[scale] Remove primary controller and another one after scaling - failed with error on granular_deploy task

Bug #1539003 reported by Dmitry Tyzhnenko
6
This bug affects 1 person
Affects Status Importance Assigned to Milestone
Fuel for OpenStack
Invalid
High
Fuel QA Team
8.0.x
Invalid
High
Fuel QA Team
Mitaka
Invalid
High
Fuel QA Team

Bug Description

Redeploy after delete controllers faild with error - "Error Deployment has failed. Method granular_deploy. Deployment failed on nodes 4. Inspect Astute logs for the details"
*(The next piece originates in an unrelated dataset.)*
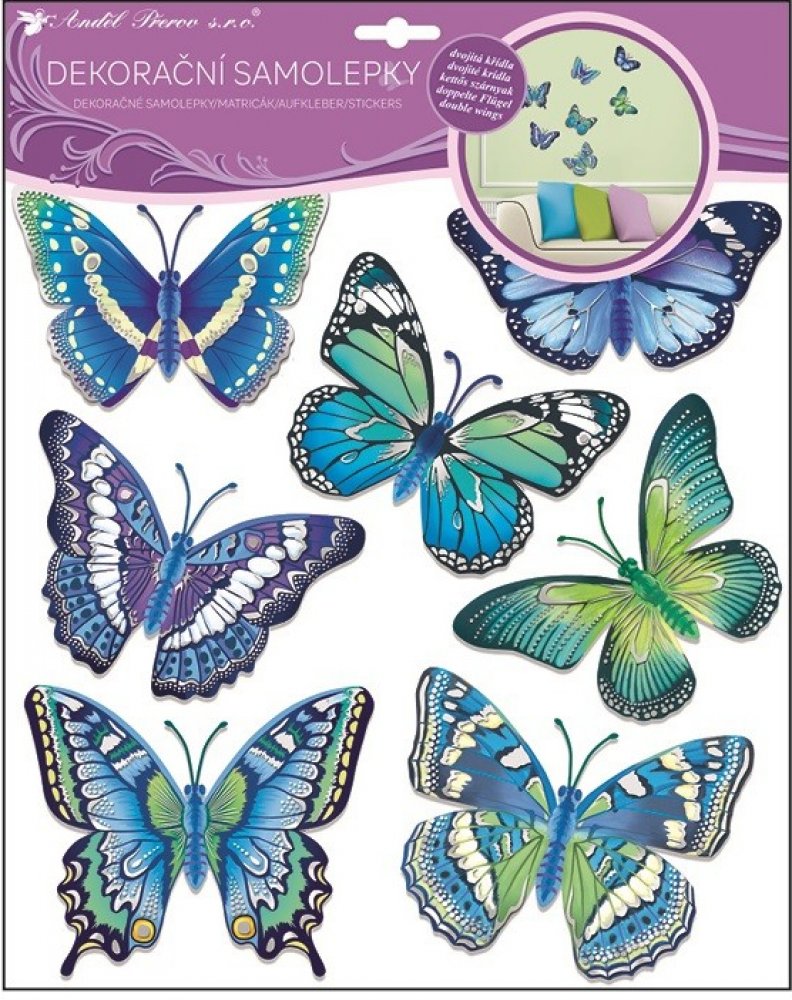 Anděl 10163 Samolepky na zeď motýli modří 38x31 cm

1 Deploy cluster: 1 controller, Neutron Vxlan, ceph for volumes and images, ceph for ephemeral and Rados
2 Add 2 ceph nodes, verify networks, set replication factor to 2
3 Deploy. Run OSTF
4 Add 2 controllers
5 Re-deploy cluster
6 Verify networks
7 Run OSTF
8 Add 2 controllers, 1 compute
9 Re-deploy cluster
10 Verify networks
11 Run OSTF
12 Delete primary controller and the last added
13 Re-deploy cluster
14 Verify networks
15 Run OSTF

Expected result:
 All step pass

Actual result:
 Failed on 13 step

Astute errors - http://paste.openstack.org/show/485240/

Snapshot log - https://drive.google.com/a/mirantis.com/file/d/0B8U7EvTbuAOlbEEwN1Y1M1NsdTA/view?usp=sharing

Fuel 8.0-478
VERSION:
  feature_groups:
    - mirantis
  production: "docker"
  release: "8.0"
  api: "1.0"
  build_number: "478"
  build_id: "478"
  fuel-nailgun_sha: "ae949905142507f2cb446071783731468f34a572"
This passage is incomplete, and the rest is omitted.